An online sign dictionary and sign database management system for research purposes. Developed originally by Steve Cassidy/ This repo is a fork for the Dutch version, previously called 'NGT-Signbank'.
http://signbank.cls.ru.nl
BSD 3-Clause "New" or "Revised" License
19 stars 12 forks source link

Add labels and description to JSON #1225

Open rem0g opened 3 months ago

rem0g commented 3 months ago

We need extra fields in JSON for every gloss: labels description "Voorbeeldzinnen"

susanodd commented 3 months ago

By labels, you mean the Tags, right? I can add the Tags to all api.

Are the other two the ones being added in #1178 ?

susanodd commented 3 months ago

Fixed it!

susanodd commented 3 months ago

The package functionality has Tags now. It's on signbank.

Jetske commented 3 months ago

@rem0g with "voorbeeldzinnen" you mean example sentences for senses, right? Not the new annotated sentences.

uklomp commented 2 months ago

Just talked to Susan & Wessel and I'm pretty sure @rem0g means tags indeed, also a field called 'aantekeningen' (Dutch) or 'notes' (English), and a connection to the newly invented annotated sentences. Side note: When we talk about example sentences, we will actually never mean the originally developed voorbeeldzinnen with the senses, but almost always the newly developed panel for annotated sentences.

Jetske commented 2 months ago

@uklomp Okay! Then from now on I'll assume when you talk about voorbeeldzinnen that it's about the annotated sentences.

Voorbeeldzinnen would look something like this in json:

{
       "voorbeeldzinnen" : [
              "zin_id_123" : {
                    "sentence_nl" : "Dit is een voorbeeldzin",
                    "sentence_en" : "This is an example sentence",
                    "context_nl" : "Dit is een voorbeeldcontext",
                    "context_en" : "This is an example context",
                    "eaf_file" : [some link?],
                    "video_file" : [some link?],
                    "glosses" : [
                           "gloss_id_123" : {
                                  "begin" : 2000,
                                  "end" : 3000,
                                  "representative" : True
                           },
                           "gloss_id_234" : {
                                  "begin" : 3000,
                                  "end" : 4000,
                                  "representative" : False
                           }, 
                           ...
                    ]
              },
              ...
       ]
}

@rem0g This means voorbeeldzinnen are linked almost always to multiple glosses and glosses in return may have multiple voorbeeldzinnen.

I don't understand what to do here. What do you need the json field to look like?

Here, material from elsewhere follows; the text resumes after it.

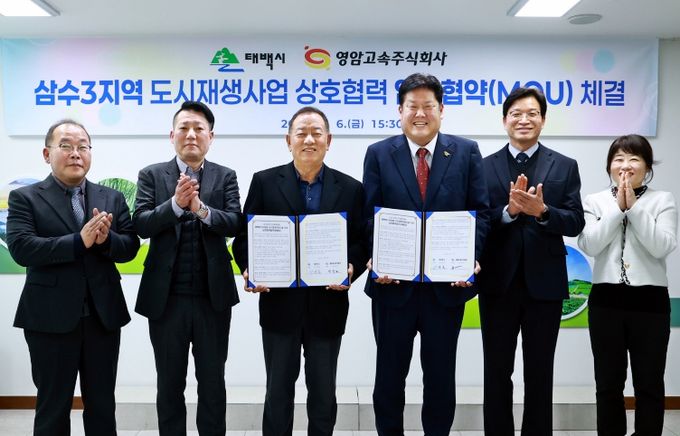 (아름다운교육신문) 태백시는 3월 6일 오후 3시 30분 시청 소회의실에서 영암고속 주식회사와 ‘삼수3지역 도시재생사업 추진을 위한 업무협약’을 체결했다고 밝혔다.

rem0g commented 2 months ago

I am going to close this one and continue: https://github.com/Signbank/Global-signbank/issues/1203

susanodd commented 1 month ago

@rem0g I'm adding the Notes (aka description) to the package functionality. The notes have the syntax:

Type: (Published, Index, Text) where Type is a choice during entry.

Do you want the entire tuple?

Normally, they look like this:

    "46057": {
        "Lemma ID Gloss: Dutch": "97",
        "Lemma ID Gloss: English": "97",
        "Annotation ID Gloss: Dutch": "97",
        "Annotation ID Gloss: English": "97",
        "Senses: Dutch": {
            "1": "97"
        },
        "Strong Hand Number": "True",
        "In The Web Dictionary": "True",
        "Is This A Proposed New Sign?": "False",
        "Exclude From Ecv": "False",
        "Repeated Movement": "False",
        "Alternating Movement": "False",
        "Link": "http://localhost:8000//dictionary/gloss/46057",
        "Notes": "Source: (True,1,Number produced by Henk Betten in 2011 as one of three elderly Groningen signers for BA thesis of Maike van Raam at Radboud University; supervision Onno Crasborn)",
        "Affiliation": [
            "Radboud"
        ]
    },

If the notes do not have a Role entered, a dash is shown, as seen here:

    "47523": {
        "Lemma ID Gloss: Dutch": "ALDI-B",
        "Lemma ID Gloss: English": "ALDI-B",
        "Annotation ID Gloss: Dutch": "ALDI-B",
        "Annotation ID Gloss: English": "ALDI-B",
        "Senses: Dutch": {
            "1": "aldi"
        },
        "Senses: English": {
            "1": "aldi"
        },
        "Handedness": "2s",
        "Strong Hand": "5",
        "Weak Hand": "5",
        "Location": "Head",
        "In The Web Dictionary": "False",
        "Is This A Proposed New Sign?": "False",
        "Exclude From Ecv": "False",
        "Relation Between Articulators": "Next-to",
        "Relative Orientation: Movement": "Ulnar",
        "Relative Orientation: Location": "AO: palm-forwards",
        "Orientation Change": "Supination",
        "Handshape Change": "Closing",
        "Repeated Movement": "False",
        "Alternating Movement": "False",
        "Movement Shape": "Spiral",
        "Movement Direction": "Ipsilateral",
        "Link": "http://localhost:8000//dictionary/gloss/47523",
        "Tags": [
            "video: refilm"
        ],
        "Notes": "-: (False,3,Dit gebaar kan als discriminerend worden ervaren. Het gebaar verwijst naar de hoofddoek die de medewerkers bij ALDI dragen.)",
        "Affiliation": [
            "UvA"
        ]
    },
susanodd commented 1 month ago

@rem0g The JSON tuples above are strings, not tuples. It doesn't seem to work to generate just tuples, it converts them to lists in the zipped file. Otherwise, they need to be converted to string representations of tuples.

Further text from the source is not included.